While Lau Kar-leung’s Mad Monkey uses Monkey Style kung fu to deliver a restrained Shaw Brothers response to Drunken Master, Kuo took the exact same cast from 7 Grandmasters and put them in Chess Boxing which takes its cues directly from Snake in the Eagle’s Shadow. In Snake, Jackie played a guy so dumb the local kung fu school used him as a walking punching bag until he made friends with Beggar So and learned Snake Fist kung fu. Unfortunately, Beggar So, the last master of the Snake Fist, is being hunted down by Hwang Jang-Lee and the movie ends with the seemingly-invincible Hwang beating Beggar So to a pulp before Jackie shows up and bangs on his skull like a drum with his brand new Cat’s Claw style.

Chess Boxing tells the almost identical tale of Ah Pao (Lee Yi-min) a young dork who wants to learn kung fu at the Chang Sing School where he’s made a walking punching bag before befriending the cook (played by Simon Yuen) who shows him that kitchen work is the foundation of kung fu. Meanwhile, Ghost Faced Killer (Mark Long, portraying one of the all-timer kung fu villains), strolls around the Taiwanese countryside murdering every single head of every single kung fu clan who conspired to have him murdered, which actually seems pretty fair. When Ah Pao gets thrown out of the Chang Sing School for possessing one of Ghost Faced Killer’s trademark murder medallions he winds up learning true kung fu from Ghost Faced Killer’s next victim, Chi Siu-tien (Jack Long), a chess fanatic.

 
 

Shot outdoors, like most classic Kuo productions, the action’s on overdrive right out of the gate, and the fights hurt. Kuo knows how to keep a story cooking, he’s got a knack for framing, and he’s excellent at delivering fun effects with nothing more than some nimble editing and clever camera tricks.
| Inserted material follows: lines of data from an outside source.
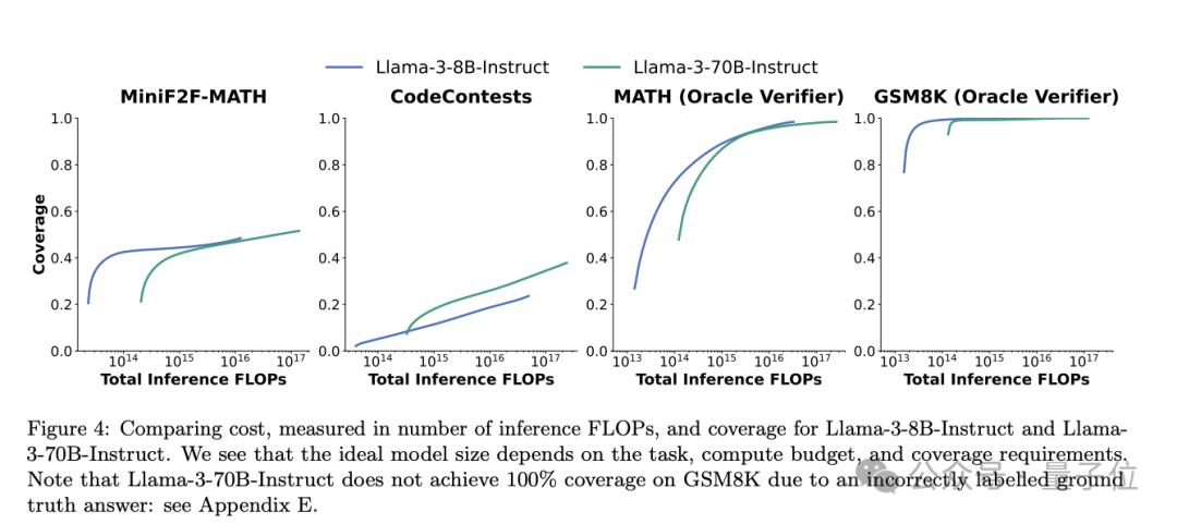 比较 Llama-3-8B-Instruct 和 Llama3-70B-Instruct 的成本(以推理 FLOPs 数量衡量)和覆盖率。当FLOPs预算固定时,在 MiniF2F、GSM8K和 MATH 上,Llama-3-8B-Instruct的覆盖率总是高于更大(更贵)的 70B 模型。然而,在 CodeContests 中,70B 模型几乎总是更具成本效益。
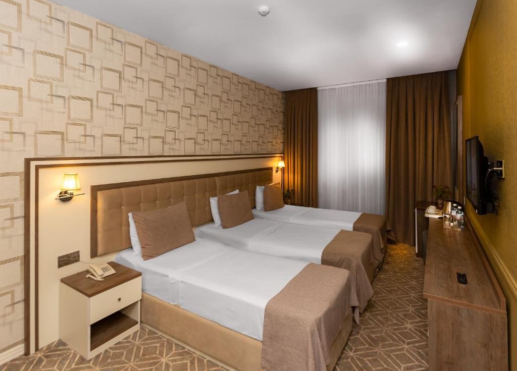 This soundproofed, air-conditioned triple room features a flat-screen satellite TV, minibar, tea/coffee maker and views of a quiet street. In the bathroom: Free toiletries Robe Toilet Bath or shower Slippers Hair dryer Toilet paper
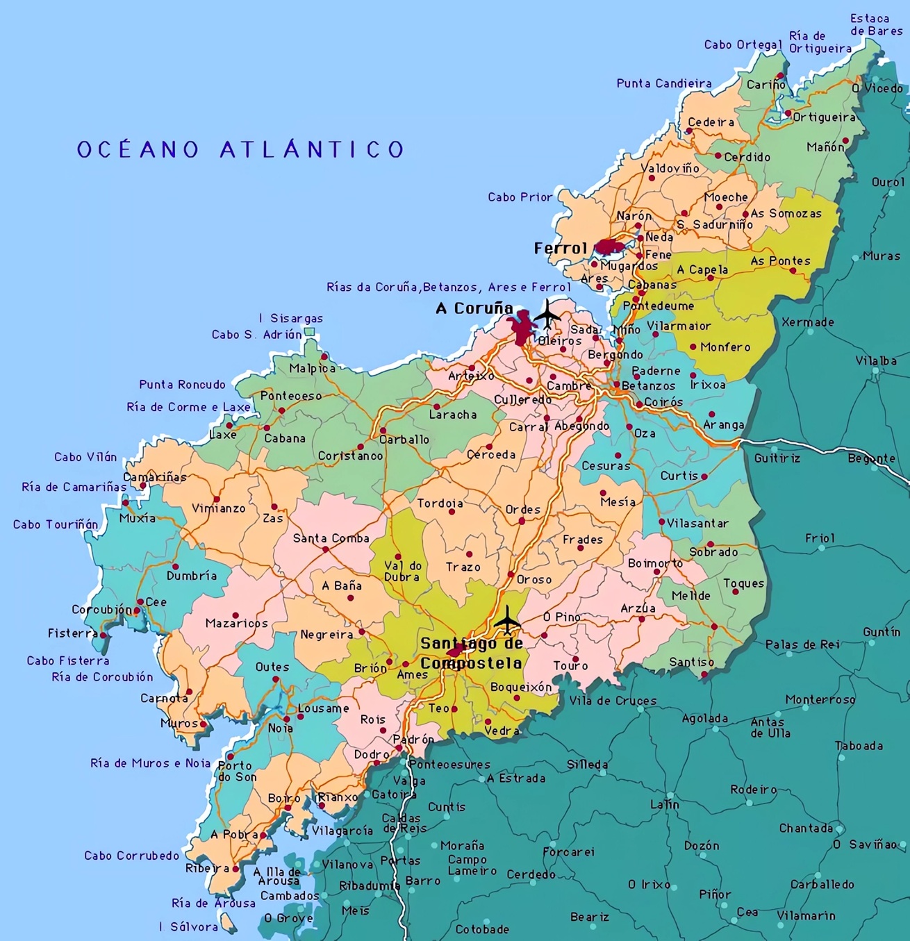 Listado con los 93 municipios que forman la provincia de La Coruña:
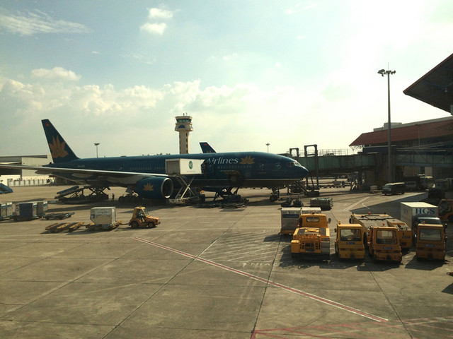 ハノイの玄関口「ノイバイ国際空港」は、今年12月(予定!)に新しい国際空港がすぐ近くに完成予定(!)とのことで現在、工事中だ。この新空港の工事は日本の「大成建設」が受注しているらしく、大きな看板がかかっていた。
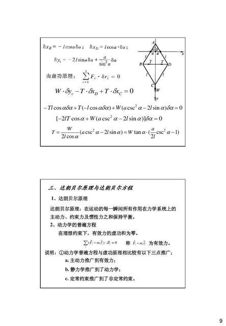 在书中达朗贝尔还提出了著名的达朗贝尔原理。这个原理与牛顿第二定律相似,但它的发展在于可以把动力学问题转化为静力学问题处理。还可以用平面静力的方法分析刚体的平面运动,这一原理使一些力学问题的分析简单化,并且为分析力学的创立打下了基础。

When Ah Pao complains that all they’ve done is play chess for a month and he didn’t come here to learn how to play chess he came to learn how to kick ass, Master Chi tells him, “You’ve already been learning,” and then calls out chess moves and stances, turning Ah Pao into a living, fighting chess piece, complete with groovy animations. This kind of “You’re not painting my fence, you’re learning martial arts” schtick was the core of the Shaolin kung fu flick, and later of Chan’s kung fu comedies, and it would eventually find its fullest expression in the West via The Karate Kid (a movie that Corey Yuen, one of Kuo’s collaborators, described as Drunken Master with worse action and no drinking).

Ending with a lightning fast, whiplash-inducing final fight that displays some intense ground level acrobatics, it’s easy to see why Mystery of Chess Boxing cleaned up in America. Marvin Friedlander’s Marvin Films released it as a sneak peek double feature alongside 7 Grandmasters on December 23, 1981, before it got its big premiere on Christmas Day. It would go on to play all over the Deuce and for the next five years it was tough to find a 12 month period when Mystery of Chess Boxing and 7 Grandmasters didn’t play Times Square, brought back again and again by popular demand. Its final screening was in October, 1989, paired on a double feature with Spike Lee’s Do The Right Thing, and that sounds like a perfect combo move to us.